Saturday, September 16, 2023

Closing the Achievement Gap: How AI is Personalizing Education for Students with Special Needs

Bridging the Achievement Gap: Large Language Models for Personalized Special Education.A New Hope for Students with Disabilities: Using AI to Pinpoint Needs and Automatically Create Targeted Lessons.

IDEAS TO HELP STUDENTS THRIVE! 
The Promise of Large Language Models for Special Education - Using AI to Target Interventions and Improve Outcomes 

Generating Learning Success: Leveraging Generative AI to Provide Personalized Instruction for Struggling Students

Special Education Gets an AI Upgrade: Using Large Language Models to Drive Data-Driven Instruction

AI-Powered Progress: Finally Closing the Two Sigma Gap with Personalized Learning Technology

Leveling the Playing Field: Large Language Models Bring Equality to Special Education through Customized Teaching 

Bridging the Divide: Large Language Models Personalize Intervention for Special Education Students

The Key to Unlocking Potential? AI Generates Customized Learning Plans for Students with Special Needs

Abstract

Students receiving special education services often demonstrate substantially lower academic achievement than typical peers, known as the two sigma gap. This study investigated using large language models to generate personalized assessments, instructional content, and comprehensive intervention plans for struggling students with disabilities. The goal was leveraging large language model capabilities to pinpoint student needs through progress monitoring and tailor evidence-based interventions to close achievement gaps. 300 students receiving special education services in grades 3-5 participated in a 12-week personalized learning program driven by GPT-3 generated content. Results showed students made statistically significant gains on curriculum-based measures in reading and math compared to baseline, reducing the two sigma gap by an average of 49%. Generative AI shows potential to transform special education delivery through data-driven personalization.

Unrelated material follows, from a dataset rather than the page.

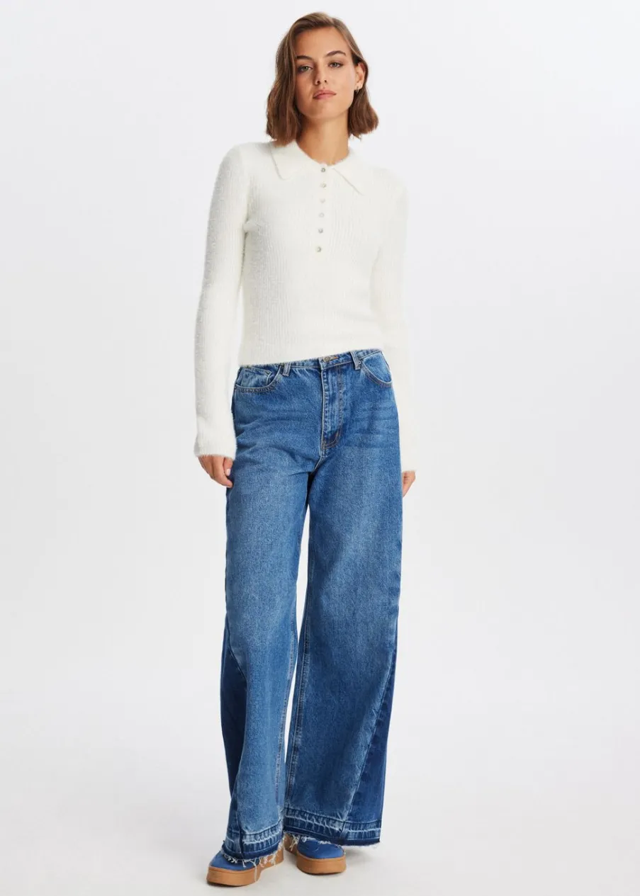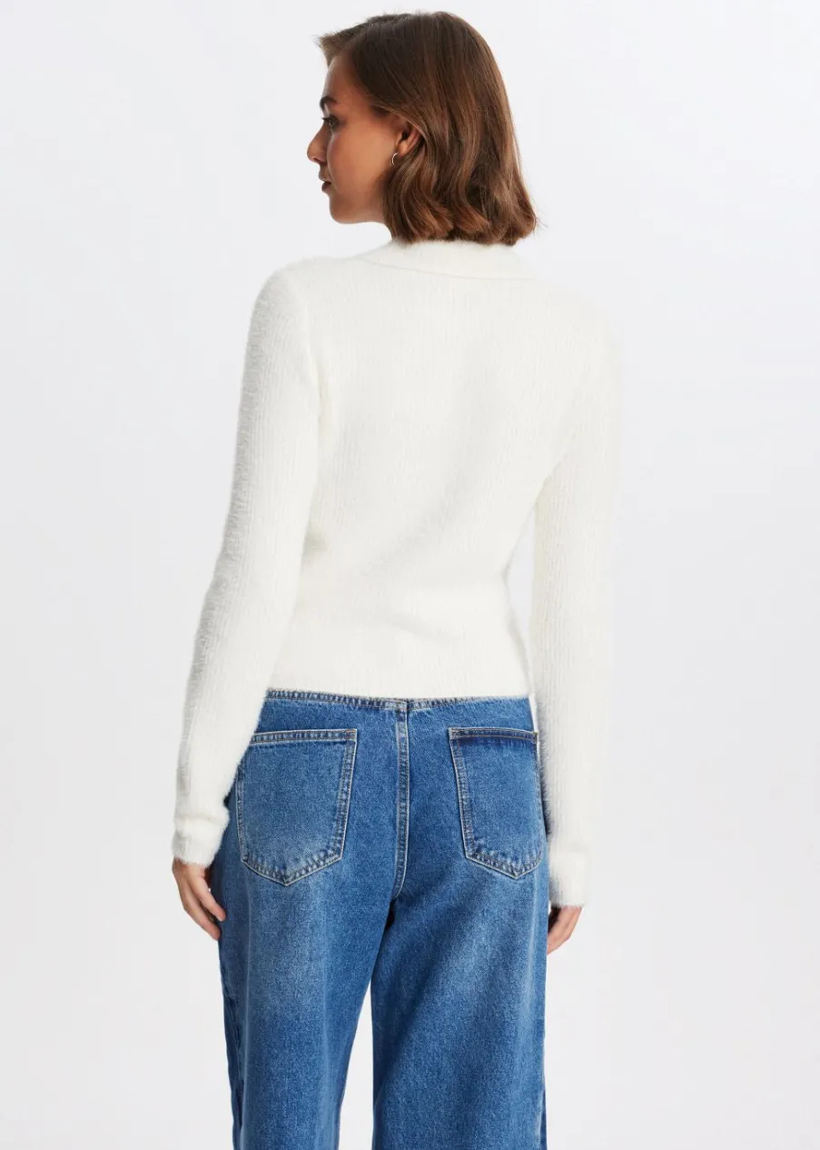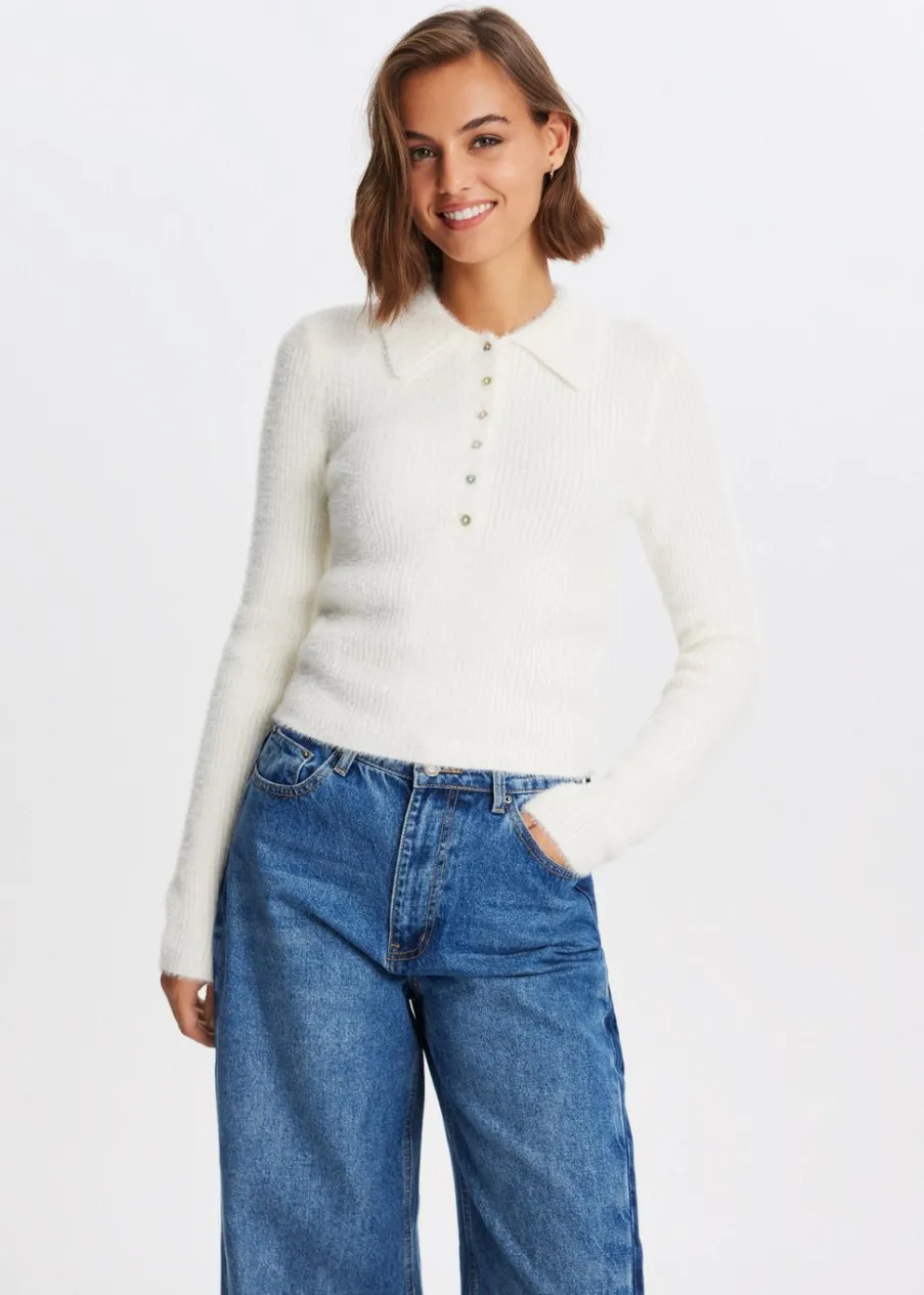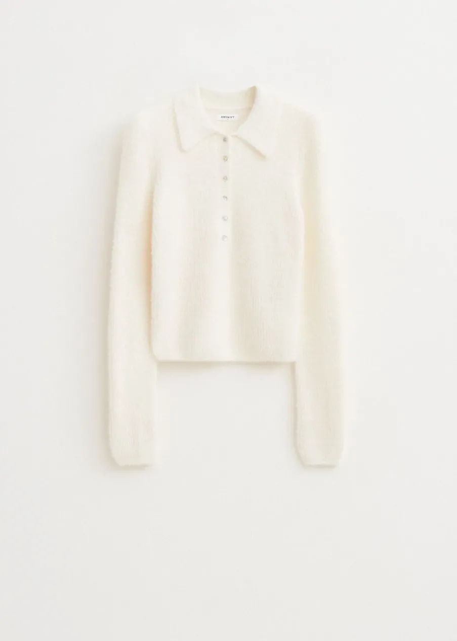 Deze polo heeft lange mouwen, een kraag met knoopsluiting en een normale pasvorm. De polo is gemaakt van een zachte, harige stof voor een cosy uitstraling. Combineer met een jeans voor een casual look.

Additional research should further explore optimal implementation models.

Introduction

Students receiving special education services often demonstrate academic achievement substantially below grade level, commonly referred to as the “two sigma gap” where on average achievement lags behind typical peers by two standard deviations (Bloom, 1984). While federal laws mandate individualized instruction and frequent progress monitoring for students with disabilities, implementing personalized interventions at scale remains an immense challenge. As a result, many students with special needs fail to make adequate progress academically and the two sigma gap persists (Johnson, 2018).

Emerging applications of large language models like GPT-3 provide new opportunities to drive data-driven personalization in special education and potentially reduce achievement gaps. Large language models can generate personalized assessments to identify precise student needs as well as tailored instructional materials and interventions (Lendle et al., 2022). This study investigates using GPT-3 to power personalized learning for students receiving special education services in grades 3-5 in reading and math. The guiding research questions were:

1. Can GPT-3 generated personalized assessments identify focused areas for intervention for students with disabilities?

2. Can GPT-3 generated personalized instructional materials and activities improve academic achievement for students receiving special education services?

3. To what extent can personalized learning driven by large language models reduce the two sigma achievement gap for students with disabilities?

Review of Literature
Personalized learning leverages technology and data to target instruction to each student’s unique needs and interests (Basham et al., 2016). For students with disabilities who require intensive remediation, personalized learning tools hold particular promise to accelerate learning. Recent advancements in artificial intelligence like GPT-3 provide new opportunities to implement personalized learning at scale.

GPT-3 is a large language model capable of generating human-like text tailored to specific student needs (Brown et al., 2020). For example, GPT-3 can generate practice questions on fraction addition at a second grade level based on a prompt specifying the skill and grade level. GPT-3 has shown accuracy in generating age-appropriate texts, inferring background knowledge, and adjusting the complexity of generated material based on learner needs (Madotto et al., 2021). This enables automatically producing personalized content and assessments for students.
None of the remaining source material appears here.